Gabriela's role within Bronx People is crucial. With Daniel Zodian, she co-ordinates many of the activities offered to the children hosted by the organisation and takes care of communication, among other things, but not exclusively. To explain this constant commitment, we must dig into her personal history a little.

Gabriela grew up in a small village 8 km from Bacau in Romania. Until the age of 14, she remembers a happy childhood, focused on nature, but during adolescence, things became complicated and the relationship with her parents became more strained. "I had no idea what I wanted to do with my life. I was lost. I felt like no-one could help me."

Only her mother worked to support the household and as a result, she did not have much time to devote to Gabriela. Her father was not really present. "In a way, I was ashamed; my life was damaged. I tried to connect with my father but I never really succeeded; he had violent outbursts. I spent most of my adolescence wondering why I didn't have a family like others. I wondered what I had done wrong."

Gabriela was lucky to be brilliant at school but shame tormented her. At that time, a belief persisted in that society that being violent with children was a sign from heaven because it helped parents raise their offspring. Thanks to her academic results, Gabriela was able to escape and she went to study in Bucharest. It was on her return to Bacau that she crossed paths with Daniel. She had then started working for another organisation and discovered Bronx People on social networks.

The Children’s Craft Village is under construction

It was Christmas time and the association was preparing for the end of the year. She decided to prepare gifts for the children and went to the dojo for the first time. "I knew what a Christmas without gifts meant. I noticed right away that Daniel had the ability to see the good in the people around him. I told myself that it was worth getting involved with Bronx People. In fact, when you meet Daniel you quickly realise that he has a huge heart and that it is not possible not to love him.
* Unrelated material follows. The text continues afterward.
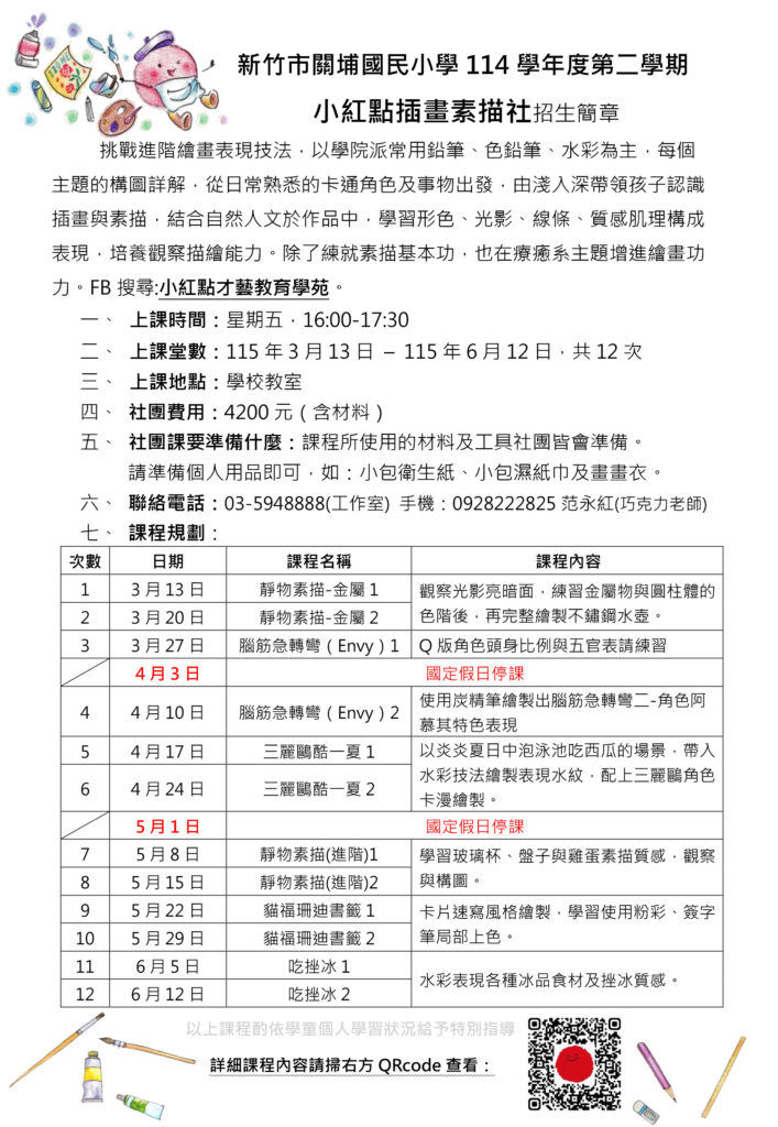 30.小紅點插畫素描社 現在非登記時間,第二階段登記時間為「3/2(一)08:00起至3/4(三)12:00止」 想再看看更多其他我們規劃的多元課程嗎 回到課程列表 admin 29.點點老師-進階繪畫社 31.小紅點創意美術社

That is what the children feel."

Gabriela's heart melted when she met the children of Bronx People. "I was in severe depression at the time, with bad thoughts, but with Bronx People I learned to live again and to rejoice in small things. It was a 180° turn when I volunteered for the organisation. It is important that young people understand that it is normal to have problems, that they should not be ashamed of them and that they simply have to learn to manage them. We work on this every day together. We choose the good side of life and leave the bad behind us. When you choose the power of life over death, it is a great victory. This power is given back to me by Daniel and the children."

Bronx People has many projects. The Children’s Craft Village is one of them. Under construction, it will soon welcome more children and will offer them art, music and of course judo. The idea is to offer activities to both vulnerable children and those who are doing well. There will be days for families, a medical centre, accommodation for people passing through and structures to accommodate young people with cognitive disabilities.

Gabriela is not a judoka but she has an opinion on the matter, "The moral code of judo is so important because it has the power to transform children. By practising judo, they become happy and quickly want to get involved with other activities. For me, it is real therapy because by working here, I do not age, I stay young in my head and it feels great."

Taking back control of her choices and making the right ones, these are the lessons that Gabriela has learned from her experience at Bronx People. More committed than ever, more dedicated than ever to the wellbeing of the residents, she herself draws benefits from it that are difficult to quantify. This is perhaps the key to the success of Bronx People: everyone benefits and everyone moves towards a brighter horizon.